Columbia Management Group
- Founded: 1962; 64 years ago
- Founders: Jim Rippey John Inskeep
- Defunct: 2015
- Fate: Became part of Columbia Threadneedle Investments after merger
- Headquarters: Portland, Oregon, U.S.

= Columbia Management Group =

Former investment advisor and sponsor of mutual funds

Columbia Management Group was an investment advisor and sponsor of mutual funds. In 2009, it was acquired by Ameriprise Financial and, in 2015, it was merged into Threadneedle to form Columbia Threadneedle Investments, the asset management subsidiary of Ameriprise.

==History==
In 1962, Jim Rippey and John "Jerry" Inskeep founded Columbia Management Company in Portland, Oregon. In 1967, they opened the Columbia Growth Fund, the first mutual fund based in Oregon.

In 1997, FleetBoston Financial acquired the company for $460 million.

In 2001, Columbia acquired mutual funds from Liberty Financial (an affiliate of Liberty Mutual, which were rebranded as Columbia in 2003.

In September 2003, the company acquired Crabbe Huson Group.

In February 2004, several executives were fired after a trading scandal in which certain customers were given preferential treatment.

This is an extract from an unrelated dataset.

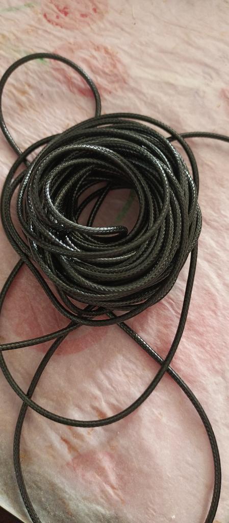 Sehr geehrte Damen und Herren, in der Beschreibung steht Lederschnur, aber in Wirklichkeit ist es eine gewöhnliche geflochtene Synthetikschnur, so in etwa!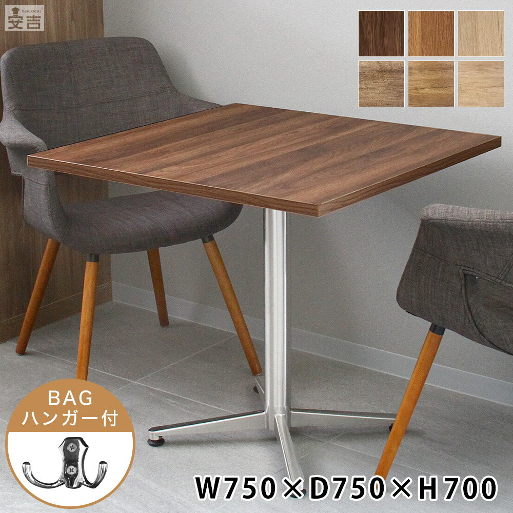 レストランテーブル 【サイズ】750mm×750mm×高さ700mm 【天板の厚み】25mm 【重量】角ベース脚:約24.4kg、角丸ベース脚:約22.05kg、丸ベース脚:約20.4kg、十字ベース脚:約14.60kg 【カラー】ダークウォルナット/ミディアムウォルナット/クリアナチュラルヴィンテージブラウン/ヴィンテージナチュラル/ヴィンテージホワイト 【天板】積層合板/表面・裏面メラミン樹脂化粧繊維板 【脚部】スチール(粉体塗装) バックハンガー付き 【仕様】組立式 ■注意事項 ・直射日光があたる場所は避けて設置してください。 ・ヒーター等、火気の近くには設置しないでください。 ・加熱した鍋や湯沸かし等を直接置かないでください。 ・テーブルに腰掛けたり、踏み台として使用したり天板に立ったりしないでください。 ・湿気の多い場所は避け、平面に設置してご使用ください。 ・床面にキズがつかないよう設置場所にはご注意ください。 ・テーブルに過度な荷重をかけないでください。 ・テーブルの上に物を乗せたまま移動しないでください。 ・移動させる場合には引きずらず、持ち上げた状態で移動させてください。 ・お手入れには薄めた中性洗剤を使用し、その後よく水拭き・乾拭きをしてください。 ・アルコールやベンジン、磨き粉等は使用しないでください。 ・取り付けネジ部は定期的に点検をし、必要であれば増し締めを行ってください。 ・キズや汚れがある場合がございます。予めご了承下さい。 ・配送トラックの都合上、ご注文数量によっては分納となる可能性がございます。 ・椅子はイメージの為付属しません。レストランテーブルのみの販売となります。 カフェやレストランなどの飲食店でご利用頂ける業務用ダイニングテーブル。安吉のレストランテーブルの天板には積層板を採用し確かな強度を実現しました。表面にはメラミン樹脂化粧繊維板で仕上げており傷がつきにくい構造になっています。関連商品

In 2004, FleetBoston Financial was acquired by Bank of America.

In 2007, Bank of America sold Marsico Capital Management back to Tom Marsico.

In November 2007, Bank of America injected $600 million into Columbia Management Group to prop up money market funds and institutional cash investments because of their exposure to structured investment vehicles.

In 2008, the company lost $459 million due to capital requirements required to prop up its money market funds.

In early 2009, Bank of America began soliciting offers for Columbia Management Group.

In May 2010, Ameriprise Financial acquired the company for $1 billion.